Now when we login to the same account (having Deny Permission) in domain, we can see that the GPO is not accessible.

The “Deny” option is very useful when we would like to add security filtering for a large set of target (Authenticated Users / AD Group) but would like to exclude very few objects from that list. In such cases, we can add the AD Group in the Security Filtering and then add those few objects in the Deny list.

Group Policy WMI Filtering

Group Policy WMI filtering is very useful when we would like to filter a GPO based on certain conditions, for example based on specific hardware type or OS type or Server Role.
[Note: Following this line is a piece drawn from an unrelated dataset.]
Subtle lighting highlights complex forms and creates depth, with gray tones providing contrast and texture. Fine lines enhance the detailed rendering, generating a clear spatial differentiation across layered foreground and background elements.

Let’s assume a scenario, where we would like to ensure that a particular GPO would be applied to an AD group containing 100 servers, most of which are 2012 R2 servers. But that AD group also contains few 2008 R2 servers. We do not want to apply the GPO on 2008 R2 servers, and we do not have time to identify and segregate those servers from the list.
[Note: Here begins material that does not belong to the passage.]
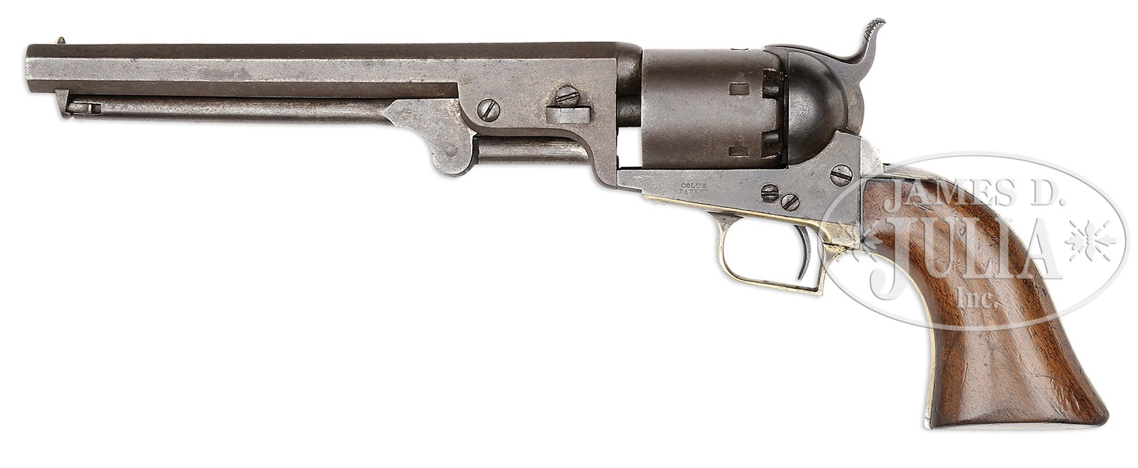 RARE AND HISTORIC SQUARE-BACK COLT NAVY REVOLVER INSCRIBED TO STEPHEN R. MALLORY.SN 1705. This rare early Colt Navy was made in the first year of production 1850.It is in impeccable “as found” condition with impeccable provenance as descending in the family of Stephen R. Mallory. The gun is inscribed on backstrap in the style most likely attributed to the Colt factory “HON. STEPHEN R. MALLORY, KEY WEST”. Mallory has a long and illustrious record of political service, most famously known as the Confederate Secretary of the Navy under President Jefferson Davis March 4, 1861 – May 2, 1865. Mallory served in many posts prior to and after the Confederacy. He was elected Senator from the state of Florida in 1850 which is no doubt the date and reason for him owning this early Colt Navy revolver. Col. Colt gave many guns to political figures he thought could further sales of his guns. Mallory, in his time in the Senate, was the prominent Chairman of the Committee on Naval Affairs. This was a time of rapid Naval reform and he insisted that ships of the United States Navy should be the best in the world. Mallory was born in Trinidad, British West Indies in 1812. His family moved to the United States and settled in Key West, Florida in 1820. He joined the army and fought in the Seminole War in Florida, 1835-1837. Mallory held several minor political posts until becoming Senator in 1850; a post he held until secession in 1861. There is much written and published on Mallory’s thoughts on the Navy in this time frame. After the Civil War Mallory was imprisoned along with Jefferson Davis and was among the few in the Confederate Government to be charged with treason against the United States. It was not until March 10, 1866 that President Andrew Johnson granted Mallory a “partial parole”; though Mallory was no longer in jail, he was required to stay with his daughter in Bridgeport, CT. It was not until June of 1866 that Mallory was paroled and allowed to return to Florida. By the terms of his parole he was not permitted to hold public office. He practiced law in Pensacola until his death in 1873 and is buried at St. Michael’s Cemetery in Pensacola. It is interesting to note that among Mallory’s published thoughts on modernizing the Navy that rifled guns (especially cannon) should replace smooth-bore weapons. Colt Navy revolvers would have Naval military contracts in the 1850s, replacing smooth-bore, single shot pistols then in Naval inventories. This gun has impeccable surface and inscription to Senator Mallory and is mentioned specifically in a 1977 will to family member of consignor. PROVENANCE: Stephen R. Mallory, Stephen R. Mallory Descendents. CONDITION: Gun is very good overall. Gun appears orig and authentic and unaltered. SN 1705 appears on all parts normally serial numbered with exception of wedge which is numbered 789 but appears orig to this gun with identical surface and patina. There are small traces of org finish in protected areas though surfaces are brown/plum with staining and pitting. All serial numbers are well struck and easily discerned. Address on bbl is complete though several letters are weakly struck as can be seen in photos. ‘COLT’S PATENT’ on left side of frame is discernible but a couple letters light as can be seen in photos. The rolled Naval battle cylinder scene is about 50% discernible and light. About 25% of the silver plating on backstrap and trigger guard is retained. The inscription on backstrap is well discerned and easily read. The well-fit wood grips retain about 90% of their orig varnish with scattered, small dings, dents and scratches. 4-49112 JS (20,000-30,000) – Lot 2298

So in this case, we can configure WMI Filtering to ensure that the GPO is only applied to those servers where OS is 2012 R2, and then we can include the AD group in the security filtering and will remove “Authenticated Users”. Obviously, we also need to link the GPO to the proper site / domain /OU. 

Using a complex WMI filtering can impact Domain Controller performance, and it can also make the Group Policy processing slow. 
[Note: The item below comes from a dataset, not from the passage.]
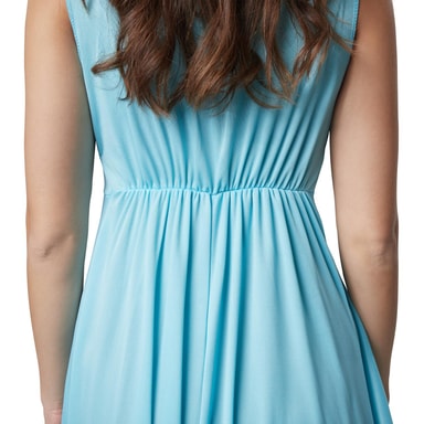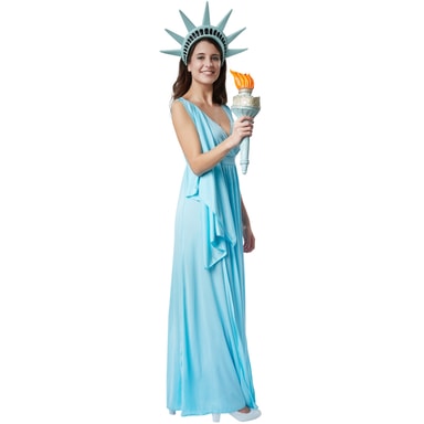 Den ermeløse,ensfargede damekostymen Frihetsgudinne er laget av lyseblått, blank tekstil. Den dype-utringningen framhever brystet på en fin måte. Under brystet sitter et gummistrikk. Forkleet som er festet på kjolen er like lang som selve kjolen, og tekstilstykket som er sydd fast på høyre skulder kompletterer den fine kostymen, materiale: 100 % polyester.
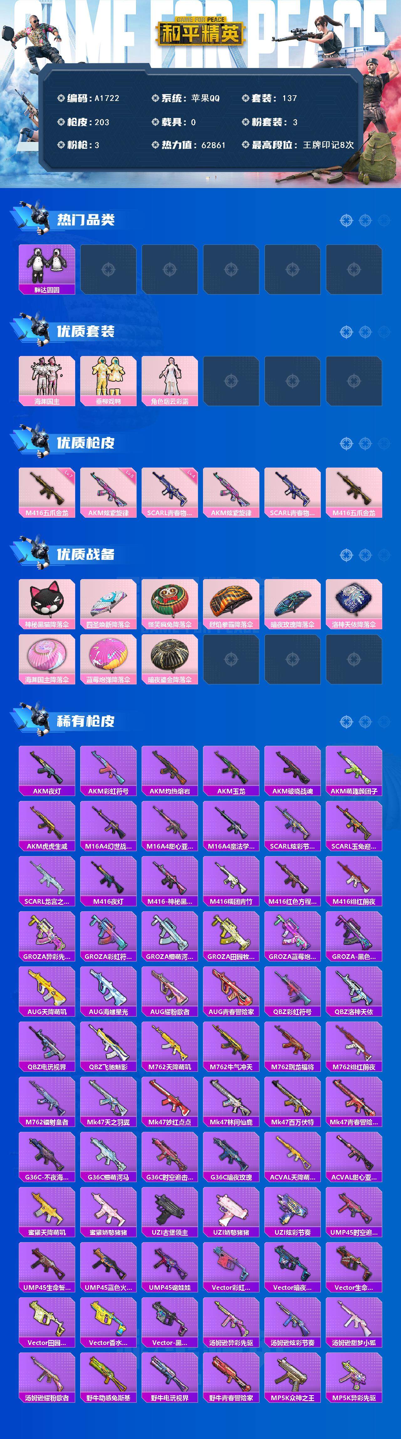 [14899862]苹果【小号/暗影哥特】 手q-3粉装-3特效呛-0载具-0粉色飞行器-62861热力值-8王牌印记-137套装-203呛皮 【热门品类】:套装-浪漫天命,套装-胖达圆圆,套装-龟仙人,套装-暗影哥特,套装-粉红小猪 【粉色套装】:粉装-海渊国主,粉装-垂柳戏鸭,角色-烟云彩露 【粉色呛皮等级】:akm-炫紫旋律五级,scar-l-青春物语四级,m416-五爪金龙七级 【粉色呛皮】:akm-炫紫旋律,scar-l-青春物语,m416-五爪金龙 【粉色降落伞】:神秘黑猫降落伞,四圣焕新降落伞,怪笑疯兔降落伞,烈焰拳霸降落伞,暗夜玫瑰降落伞,洛神天依降落伞,海渊国主降落伞,蓝莓炮弹降落伞,暗夜鎏金降落伞 【稀有套装】:套装-龟仙人,套装-雪国风尚 【稀有呛皮】:akm-夜灯,akm-彩虹符号,akm-灼热熔岩,akm-玉龙,akm-破晓战魂,akm-萌趣颜团子,akm-虎虎生威,m16a4-幻世战舞者,m16a4-甜心亚梦,m16a4-魔法学院,scar-l-炫彩节奏,scar-l-玉兔迎春,scar-l-龙宫之主,m416-夜灯,m416-神秘黑猫,m416-糯团青竹,m416-红色方程式,m416-绯红前夜,groza-异彩先驱,groza-彩虹符号,groza-懵萌河马,groza-田园牧歌,groza-蓝莓炮弹,groza-黑色刀锋,aug-天降萌叽,aug-海螺星光,aug-耀粉歌者,aug-青春冒险家,q-彩虹符号,q-洛神天依,q-电玩视界,q-飞驰魅影,m762-天降萌叽,m762-牛气冲天,m762-瑞龙福将,m762-绯红前夜,m762-镭射皇者,mk47-天之羽翼,mk47-妙红点点,mk47-林间仙鹿,mk47-百万伏特,mk47-青春冒险家,g36c-不夜海上花,g36c-懵萌河马,g36c-时空追击者,g36c-暗夜玫瑰,ac-val-天降萌叽,ac-val-甜心亚梦,蜜獾-天降萌叽,蜜獾-娇憨猪猪,uzi-古堡领主,uzi-娇憨猪猪,uzi-炫彩节奏,ump45-时空追击者,ump45-生命誓言,ump45-蓝色火焰,ump45-诡娃娃,vect-彩虹符号,vect-暗夜玫瑰,vect-生命誓言,vect-田园牧歌,vect-香水柠檬,vect-黑色刀锋,汤姆逊-异彩先驱,汤姆逊-炫彩节奏

While applying the GPO, WMI Filtering takes place before Security Filtering. While applying a WMI Filtering, please make sure that the target computers / users have “Read” and “Apply Group Policy” access selected, or in other words they are part of Security Filtering. Otherwise, they will not receive the GPO and WMI Filtering will not work. 

WMI filters consist of two parts separated by a semicolon:

  1. Namespace:  This contains the object class, which we are going to use in the query.  
  2. Query: The WQL-based query is used to define the filtering criteria.

In this example, we are creating a WMI Filter , so that the GPO would be applied only to 2012 R2 servers , excluding Domain Controllers.

Version 6.3 :
Windows 8.1 & Windows Server 2012 R2

ProductType 3 = Server OS – Not a Domain Controller

AND : True when all of the specified conditions are met. False when at least one of the conditions is not met.

OR : True if at least one of the conditions are met.

Once the WMI filter is created, link it to any GPO.

Please note that it is not possible to link multiple WMI filters with a single GPO. If there are multiple filtering criteria’s, add those in a single WMI filter using AND / OR Boolean operators.

WMI Filtering is a vast topic, which is beyond the scope of this article and requires dedicated discussion.

Item Level Targeting

Using Security Filtering and WMI Filtering, we can configure whether an entire GPO would be applied or not applied on a specific target.

But what if we want part of the GPO to apply, and part of the same GPO not to apply to specific target? 

In such case, we need to use Item Level Targeting. 

Please note that Item Level Target is a feature of Group Policy Preference, which is present in both User Configuration and Computer Configuration. Each policy within preferences can be configured for Item Level Targeting.

In the above picture, we can see a classic deployment of Item Level Filtering. We have a GPO which has multiple policies. Out of all policies, we want that the “Drive Maps” policy would only be applied to a limited set of users who meet both the below two criteria’s:

  • They are member of “AWSS3Users” AD group.
  • They login from “Kolkata” AD Site.

So we have used Item Level Targeting to accomplish this.

Putting Everything Together

What if we are using Security Filtering, WMI Filtering and Item Level Targeting on the same GPO? What would be the end result? 

A generic order of Group Policy Processing is as follows:

  1. Policies are loaded as per the hierarchy (LSDOU).
  2. GPO Scope is checked. WMI Filtering is checked. 
  3. Security Filtering is checked.
  4. Item Level Targeting is checked.

However, there are other factors like Block Inheritance, Enforcement and conflict with other policies. So this can be a real complex scenario, and the best solution is to plan it well and test it before implementation. Even after successful testing, it should be deployed in a phased manner in production to minimize the impact.